Python MD5散列相同的内容返回不同的散列

时间:2017-10-11 22:17:42

标签: python html file hash md5

我正在写一个python程序,因为我很懒,检查一个网站是否有我被告知的职位空缺并返回公司网页上的所有工作。

到目前为止,这是我的代码(是的,我知道代码是jancky,但我只是想让它工作)

import requests
from bs4 import BeautifulSoup
import sys
import os
import hashlib

reload(sys)
sys.setdefaultencoding('utf8')

res = requests.get('WEBSITE URL', verify=False)
res.raise_for_status()

filename = "JobWebsite.txt"

def StartUp():
    if not os.path.isfile(filename):
        try:
            jobfile = open(filename, 'a')
            jobfile = open(filename, 'r+')
            print("[*] Succesfully Created output file")
            return jobfile
        except:
            print("[*] Error creating output file!")
            sys.exit(0)
    else:
         try:
             jobfile = open(filename, 'r+')
             print("[*] Succesfully Opened output file")
             return jobfile
         except:
             print("[*] Error opening output file!")
             sys.exit(0)

 def AnyChange(htmlFile):
    fileCont = htmlFile.read()
    FileHash = hasher(fileCont, "File Code Hashed")
    WebHash = hasher(res.text, "Webpage Code Hashed")
    !!!!! Here is the Problem
    print ("[*] File hash is " + str(FileHash))
    print ("[*] Website hash is " + str(WebHash))
    if FileHash == WebHash:
        print ("[*] Jobs being read from file!")
        num_of_jobs(fileCont)
    else:
        print("[*] Jobs being read from website!")
        num_of_jobs(res.text)
        deleteContent(htmlFile)
        writeWebContent(htmlFile, res.text)

def hasher(content, message):
    content = hashlib.md5(content.encode('utf-8'))
    return content

def num_of_jobs(htmlFile):
    content = BeautifulSoup(htmlFile, "html.parser")
    elems = content.select('.search-result-inner')
    print("[*] There are " + str(len(elems)) + " jobs available!")
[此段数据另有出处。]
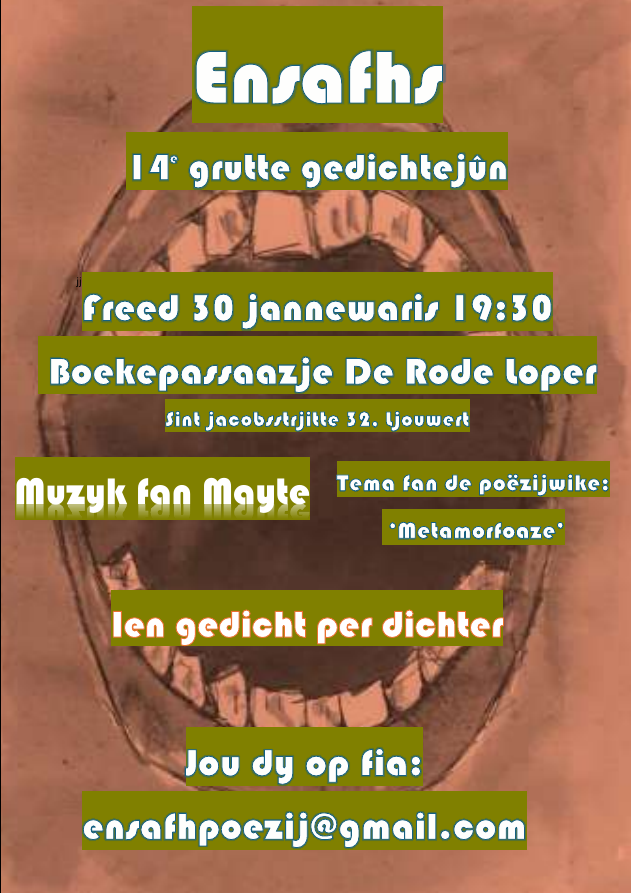 Op dizze lêste tongersdeis fan de moanne kinne skriuwers en dichters inoar moetsje by it Skriuwerskafee, yn Kafee De Gouden Leeuw. Tusken 19.00 en 21.30 uur is der tiid om by te praten, wurk te dielen en literêre plannen te meitsjen. Nim ‘pinnefruchten’ en ideeën mei foar in ynspirearjende jûn. Oant gau!

def deleteContent(htmlFile):
    print("[*] Deleting Contents of local file! ")
    htmlFile.seek(0)
    htmlFile.truncate()

def writeWebContent(htmlFile, content):
    htmlFile = open(filename, 'r+')
    print("[*] Writing Contents of website to file! ")
    htmlFile.write(content.encode('utf-8'))

jobfile = StartUp()
AnyChange(jobfile)

我目前遇到的问题是我将两个网站的html代码和文件html代码都哈希。然而,两个哈希都不像以前那样匹配,我不确定,只能猜测它可能是内容被保存在文件中的东西。哈希值相距太远但是每次都会导致If语句失败

Breakpoint in Program with hashes

1 个答案:

答案 0 :(得分:1)

您附加的屏幕截图显示了两个哈希对象fileHashwebHash的位置。他们应该在不同的地方。

您真正想要比较的是两个哈希对象的hexdigest()。将您的if声明更改为:

if FileHash.hexdigest() == WebHash.hexdigest():
        print ("[*] Jobs being read from file!")
        num_of_jobs(fileCont)

请查看此other StackOverflow answer了解更多操作方法。